GALLINA QUE COME HUEVO NI QUE LE QUEMEN EL PICO
La ley anticorrupción como muchos otros decretos que el Ejecutivo Federal envío al congreso, para exterminar un mal endémico que por décadas ha sembrado sus reales en todos los aspectos de la vida pública de nuestro país, desde las instituciones del estado hasta las instituciones de la iniciativa privado, todos actuando en ocasiones de manera conjunta o de maneras separada, pero todos convergen en un punto central que se llama “corrupción”. Ahora el ejecutivo federal procura acabar de la noche a la mañana con un simple plumazo presidencial, acabar con la corrupción al enviar al congreso de la unión la mencionada ley también conocida como 3 de 3, por mencionar su declaración: patrimonial, fiscal y conflicto de intereses, de esta forma se pretende reglamentar para su cumplimiento y ejecución.

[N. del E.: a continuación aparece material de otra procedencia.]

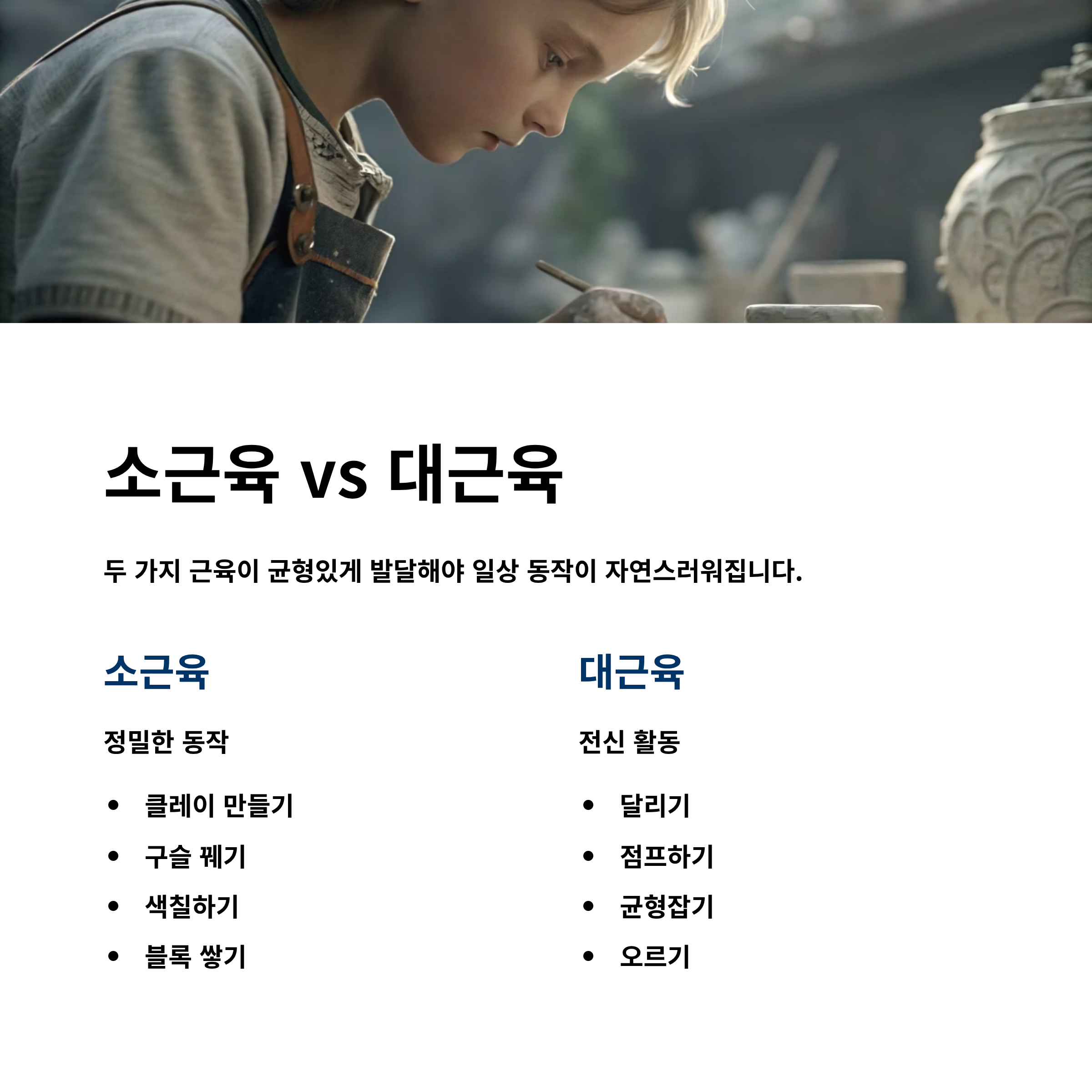 근육은 크게 두 가지로 나뉩니다. 손가락과 손목 같은 작은 움직임에 필요한 소근육, 그리고 팔, 다리, 몸통 전체를 쓰는 대근육.

A cogerse a esta ley o cumplir con lo mandatado en la materia, no te exime ni mucho menos te limpia lo corrupto que fuiste hasta ayer, ni mucho menos te limpia a partir del momento que cumplas con la ley. Ya que corrupto fuiste y mucho menos me garantizas que esas prácticas o mañas se te quitaran por el mero hecho de haber cumplido con la bendición o el decreto presidencial. En el lenguaje popular como dicen en mi pueblo “Gallina que come huevo ni que le quemen el pico”
Todo este paquete de ley anticorrupción se derivó de los acuerdos y presiones que a nivel internacional México suscribió con organismos internacionales como el FMI, OCDE, BM, por citar algunos. Pero esta reglamentación tampoco es de a gratis o porque esos organismos internacionales son buena onda y quieren ver bien a México, no, no es así como creemos, se debe más que nada a que ellos quieren garantizar sus recursos de inversión en nuestro país, y que nadie les haga sombra.
Este paquete de leyes anticorrupción, tampoco nos garantiza que los que vengan a invertir en nuestro país, vayan hacer blancas palomitas, ya que lo que está en juego son recursos económicos derivados de las múltiples reformas estructurales, que tiene que ver con los recursos naturales. México tiene antecedentes negativos de corrupción, de la forma como operan las trasnacionales y compañías por donde se han instalado a lo largo y ancho del país, hoy no nos vengan con el cuento como José Ángel Gurria de la OCDE de que ahora si hay confianza para invertir en México, que casualidad un viejo lobo, pero vestido con piel de oveja. Ese es el estilo de actuar de estos mercenarios camuflados como gente de bien, pero con una ambición y codicia desproporcionada capaz de corromper con el fin de lograr sus objetivos.